*** Extracted entries
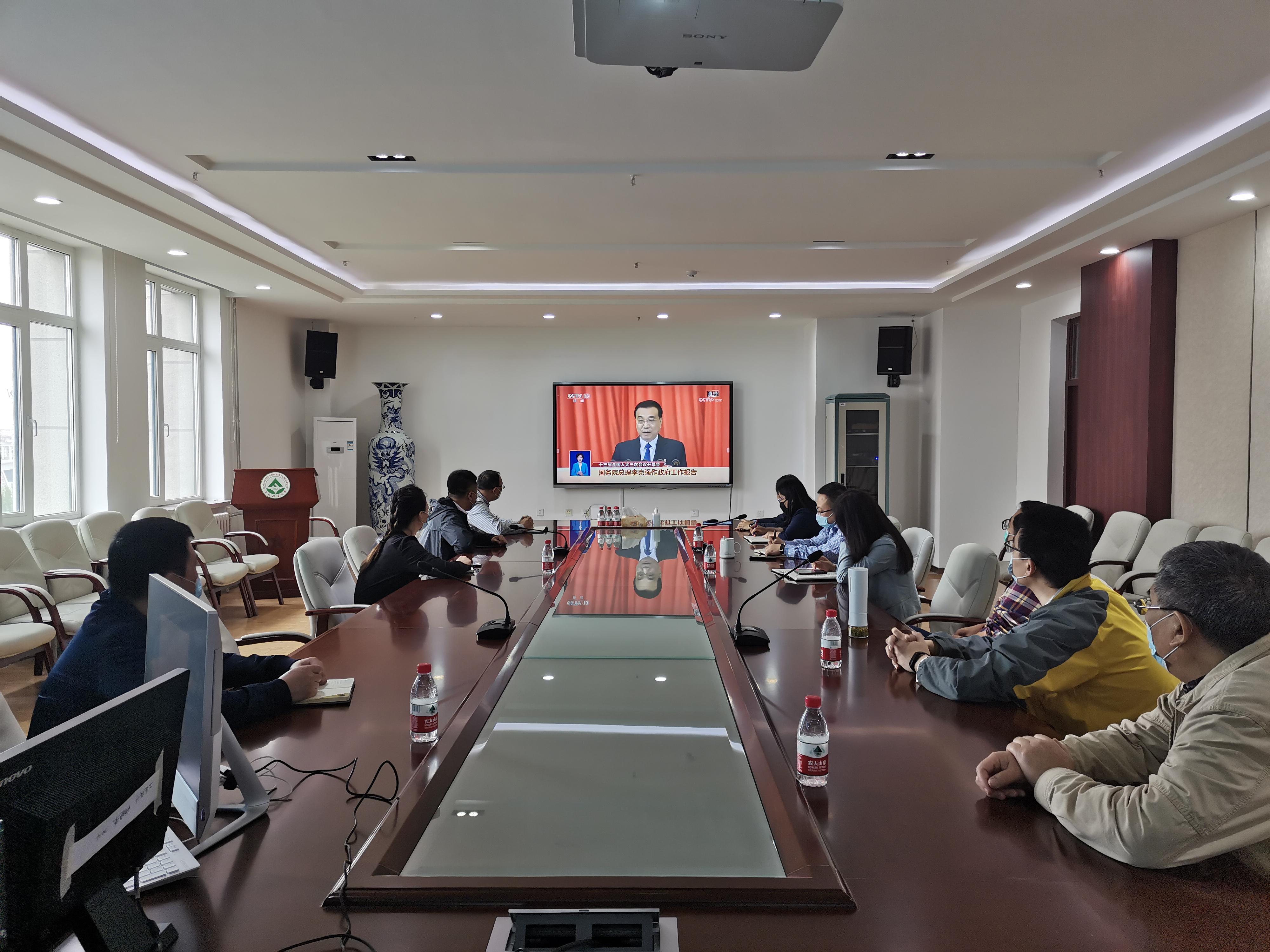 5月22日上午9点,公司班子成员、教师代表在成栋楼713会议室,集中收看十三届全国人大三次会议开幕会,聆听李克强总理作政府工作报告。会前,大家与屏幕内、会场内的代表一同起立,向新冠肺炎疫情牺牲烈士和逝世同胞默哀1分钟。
******
*** Extracted entries
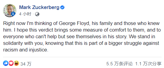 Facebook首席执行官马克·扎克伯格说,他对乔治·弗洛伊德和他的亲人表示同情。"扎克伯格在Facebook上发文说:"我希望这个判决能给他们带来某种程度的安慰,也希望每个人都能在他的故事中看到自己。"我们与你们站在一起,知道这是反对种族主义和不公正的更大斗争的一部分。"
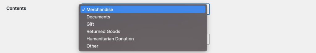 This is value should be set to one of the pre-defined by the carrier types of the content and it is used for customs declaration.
******
= Exercise =
Quote the data above exactly from the line with "Facebook首席执行官马" to the line with "This is value", both ends counted, and nothing else. Pictures don't go in.

= Expected answer =
 Facebook首席执行官马克·扎克伯格说,他对乔治·弗洛伊德和他的亲人表示同情。"扎克伯格在Facebook上发文说:"我希望这个判决能给他们带来某种程度的安慰,也希望每个人都能在他的故事中看到自己。"我们与你们站在一起,知道这是反对种族主义和不公正的更大斗争的一部分。"
 This is value should be set to one of the pre-defined by the carrier types of the content and it is used for customs declaration.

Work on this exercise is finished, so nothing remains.